Segment Start: DATA EXCERPT

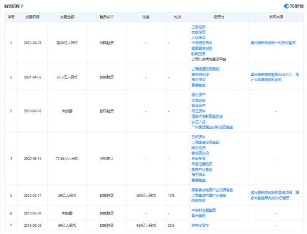 另据天眼查,2021年4月,紫光展锐也已经融资53.5亿元,投资方包括上海国盛资本、碧桂园创投、海尔金控、赛睿资本等。
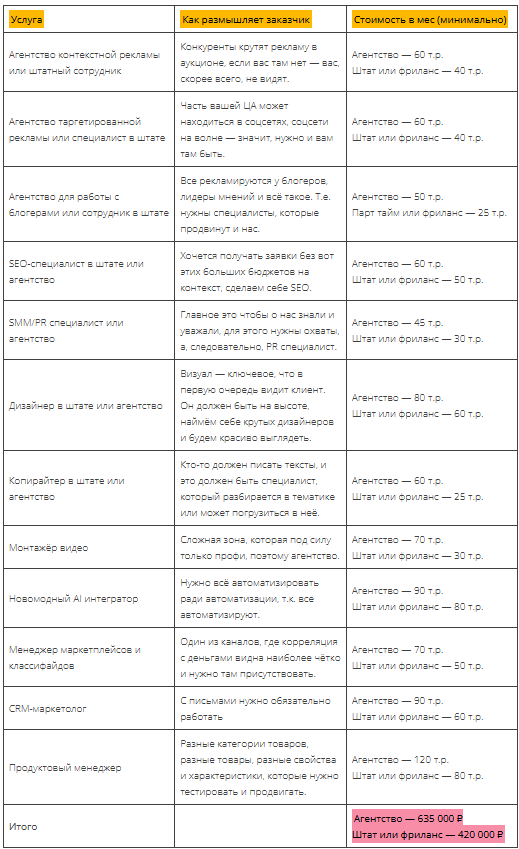 Веду к тому, что после сборки аналитики и приоритизации процессов на самом деле выходит так, что вам достаточно 1-2 маркетологов, которые при достаточном уровне качества смогут вести ваш маркетинг самостоятельно.
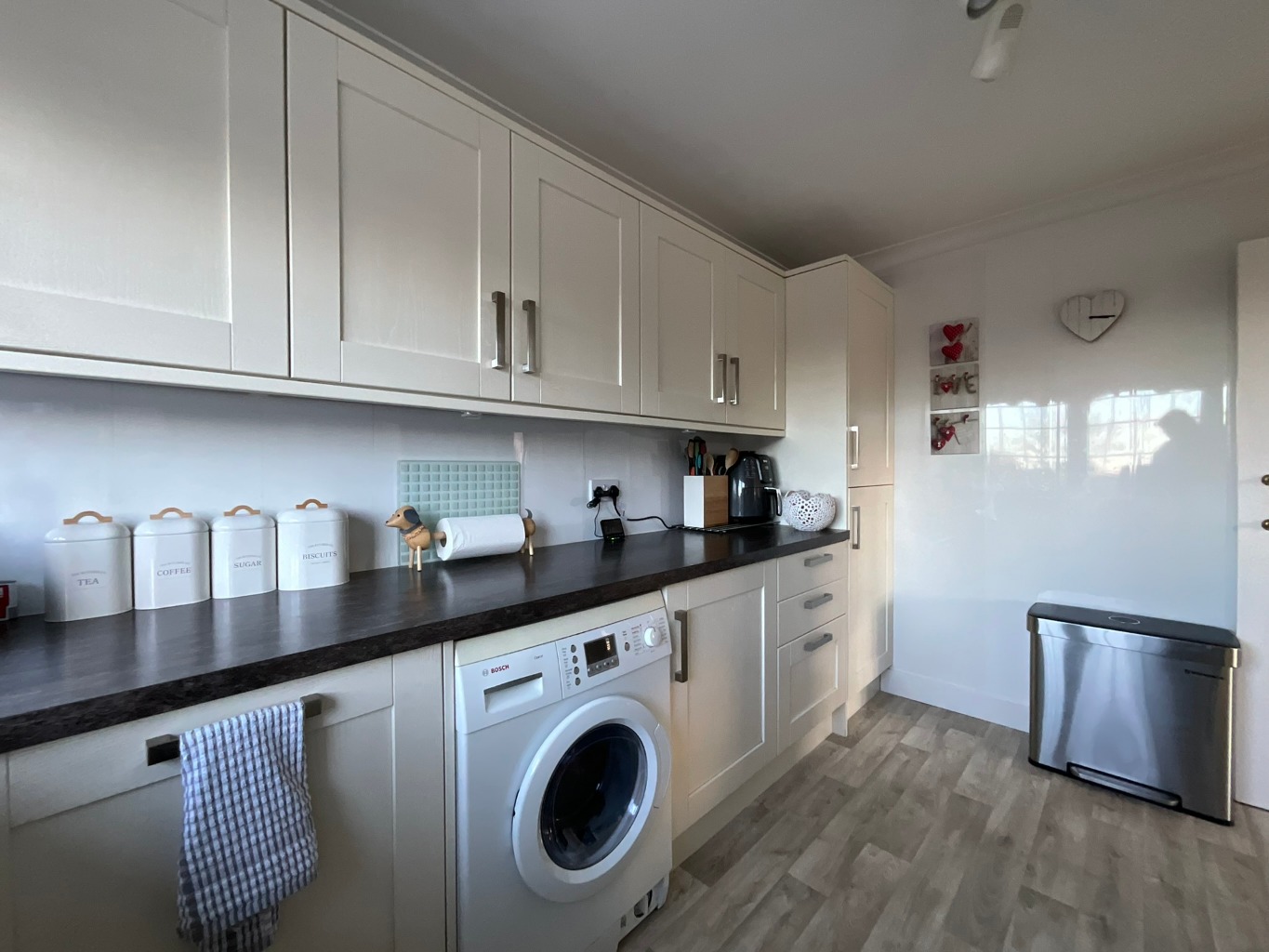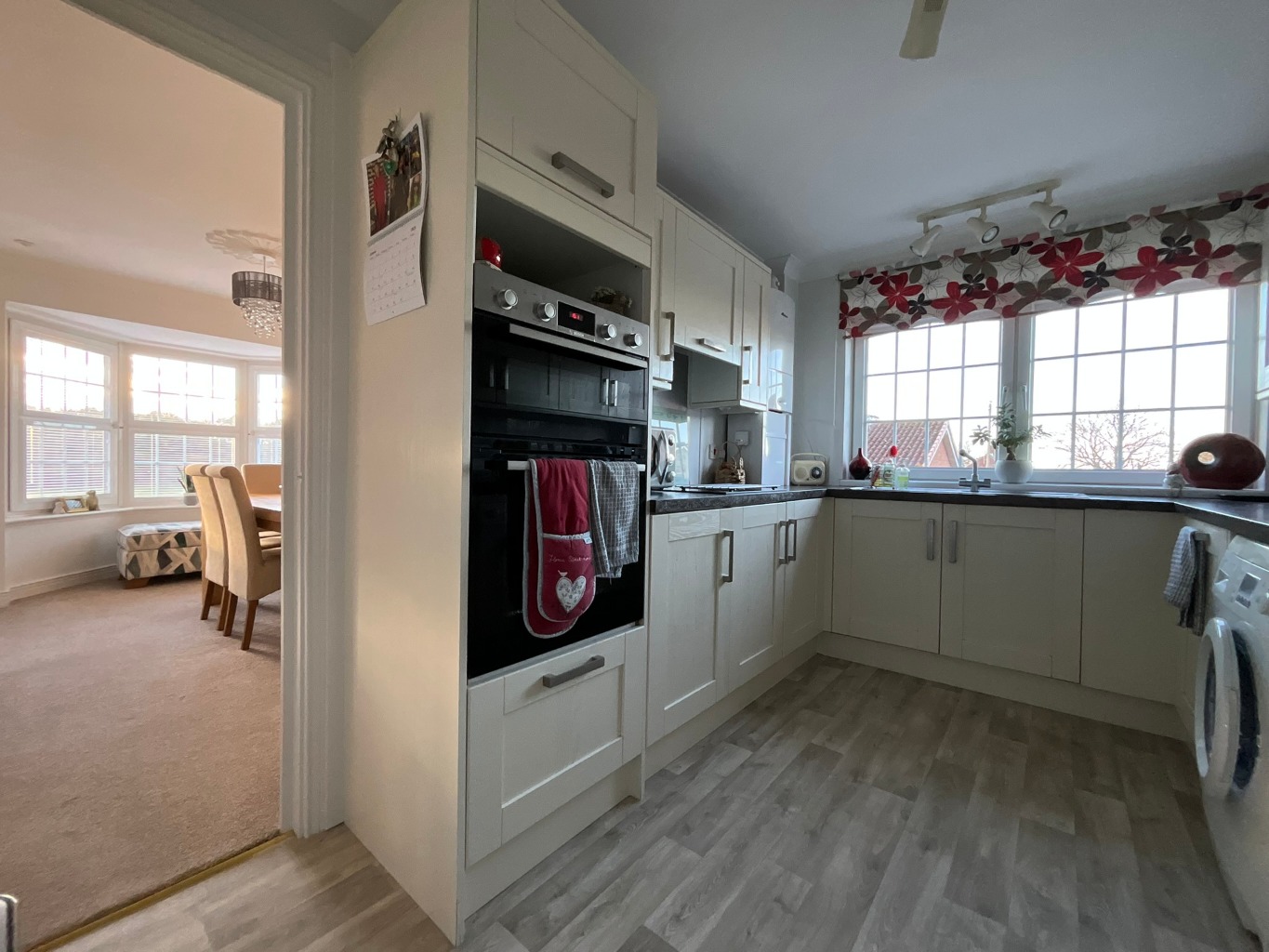 Kitchen (3.66m x 2.51m)With range of wall and floor units with contrasting work surfaces, extractor hood, electric hob, electric oven, integrated washer/dryer, stainless steel 1 1/2 bowl sink with mixer tap and drainer, integrated fridge freezer, integrated dishwasher, stainless steel splashback, UPVC double glazed window, coving to ceiling.
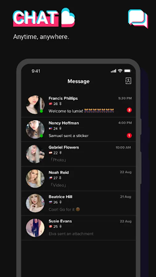 - Users from multiple countries, so you can choose the one who shares similar interests with you, and chat with him/her right now.

Segment End: DATA EXCERPT

**EXERCISE**
The lines running from the beginning of the listing above through the line that holds "Веду к тому, что" are to be duplicated exactly, both ends kept, pictures omitted.

**TASK RESULT**
 另据天眼查,2021年4月,紫光展锐也已经融资53.5亿元,投资方包括上海国盛资本、碧桂园创投、海尔金控、赛睿资本等。
 Веду к тому, что после сборки аналитики и приоритизации процессов на самом деле выходит так, что вам достаточно 1-2 маркетологов, которые при достаточном уровне качества смогут вести ваш маркетинг самостоятельно.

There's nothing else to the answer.